[Opening DATA SUPPLIED section]

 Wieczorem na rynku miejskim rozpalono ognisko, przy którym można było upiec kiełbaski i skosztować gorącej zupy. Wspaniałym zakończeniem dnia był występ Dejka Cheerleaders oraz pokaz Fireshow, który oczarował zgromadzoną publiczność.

[Closing DATA SUPPLIED section]
[Opening DATA SUPPLIED section]

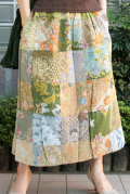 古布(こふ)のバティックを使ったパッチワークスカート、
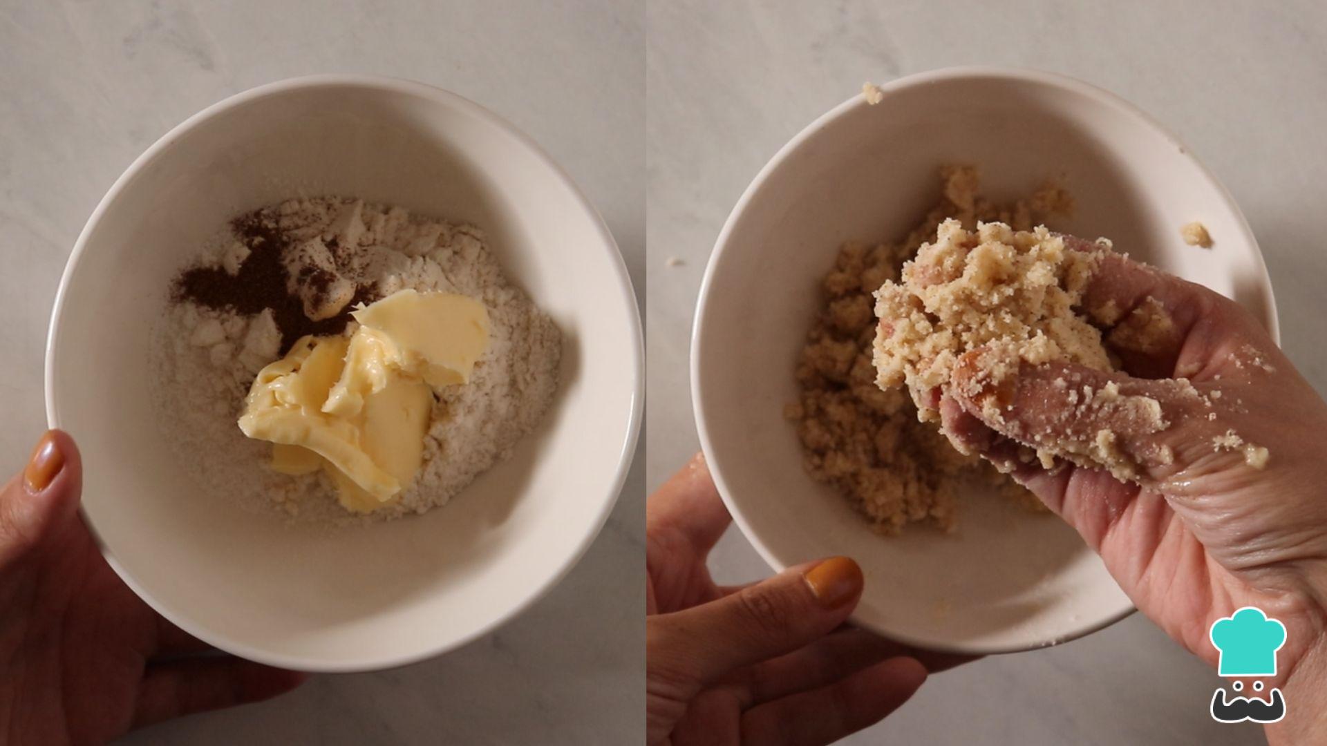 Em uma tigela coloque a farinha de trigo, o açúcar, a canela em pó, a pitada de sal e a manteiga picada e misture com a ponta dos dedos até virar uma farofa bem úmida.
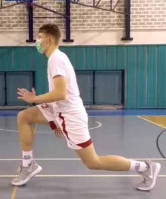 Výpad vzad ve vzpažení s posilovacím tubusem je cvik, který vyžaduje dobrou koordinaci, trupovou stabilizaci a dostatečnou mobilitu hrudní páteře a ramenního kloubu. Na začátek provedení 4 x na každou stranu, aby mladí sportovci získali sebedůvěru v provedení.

[Closing DATA SUPPLIED section]

#### TASK STATEMENT:
Within the entries above, give again exactly the lines starting at the one that contains "Em uma tigela" and ending at the one that contains "Výpad vzad ve", leaving out the pictures.

#### REPLY TO THE TASK:
 Em uma tigela coloque a farinha de trigo, o açúcar, a canela em pó, a pitada de sal e a manteiga picada e misture com a ponta dos dedos até virar uma farofa bem úmida.
 Výpad vzad ve vzpažení s posilovacím tubusem je cvik, který vyžaduje dobrou koordinaci, trupovou stabilizaci a dostatečnou mobilitu hrudní páteře a ramenního kloubu. Na začátek provedení 4 x na každou stranu, aby mladí sportovci získali sebedůvěru v provedení.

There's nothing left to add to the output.